Work to complete: Below are some records. Set down exactly the line holding "Коллектив нашего детского" and every later line through the end, omitting the pictures.

---------- Exercise materials

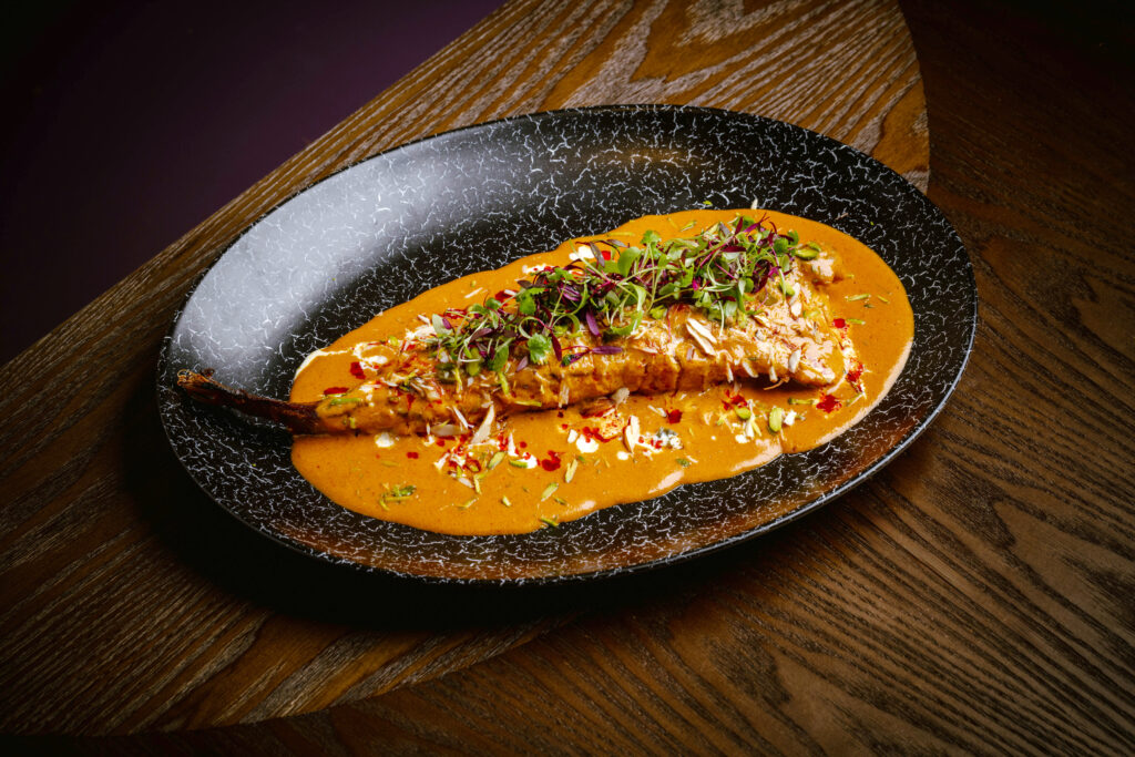 If it’s culinary nostalgia you crave, look no further than the chef’s chicken tikka kulcha. This delightful dish fuses juicy grilled chicken with pillowy Indian flatbread, accompanied by marinated onions and an animated mint and tomato chutney. Chicken tikka mirza hasnu pays tribute to the court of Asaf-ud-Daulah, inviting anyone to savour char-grilled chicken infused with a symphony of spices such as cloves, cardamom and smoky mango powder.
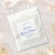 Haz que tus favores de ducha de novia sean aún más especiales con estas elegantes bolsas de favores con tema de limón. Con un delicado patrón de limón y hojas pintadas a mano, un marco de vieiras azul y una tipografía de escritura clásica, estas bolsas le aportan un fresco encanto mediterráneo a su evento. Perfecto para envasar dulces, pequeños regalos o favores de fiesta en una ducha de novia con temática cítrica, fiesta de jardín o celebración de inspiración italiana. Personalice con el nombre, la fecha y la ubicación de la novia un detalle personalizado y de moda que lo vincule a todo con gusto.
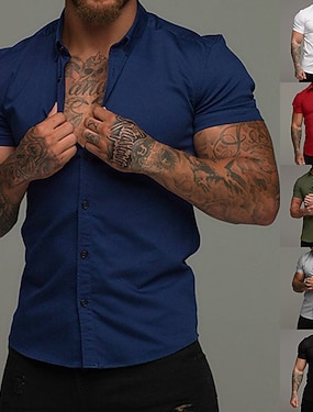 Voor heren Overhemd Zomer overhemd Overhemd met knopen Zwart Wit Rood blauw Groen Korte mouw Effen Kraag 3D-afdrukken Buiten Casual Kleding Casual Strakke pasvorm
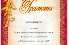 Коллектив нашего детского сада стал победителем конкурса "Снеговик-2018"
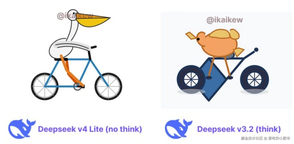 网友 Fandu 泄露的,DeepSeek V4 Lite 和 V3.2 的对比,第一组是"骑自行车的鹈鹕"。

--------------------

Exercise response:
 Коллектив нашего детского сада стал победителем конкурса "Снеговик-2018"
 网友 Fandu 泄露的,DeepSeek V4 Lite 和 V3.2 的对比,第一组是"骑自行车的鹈鹕"。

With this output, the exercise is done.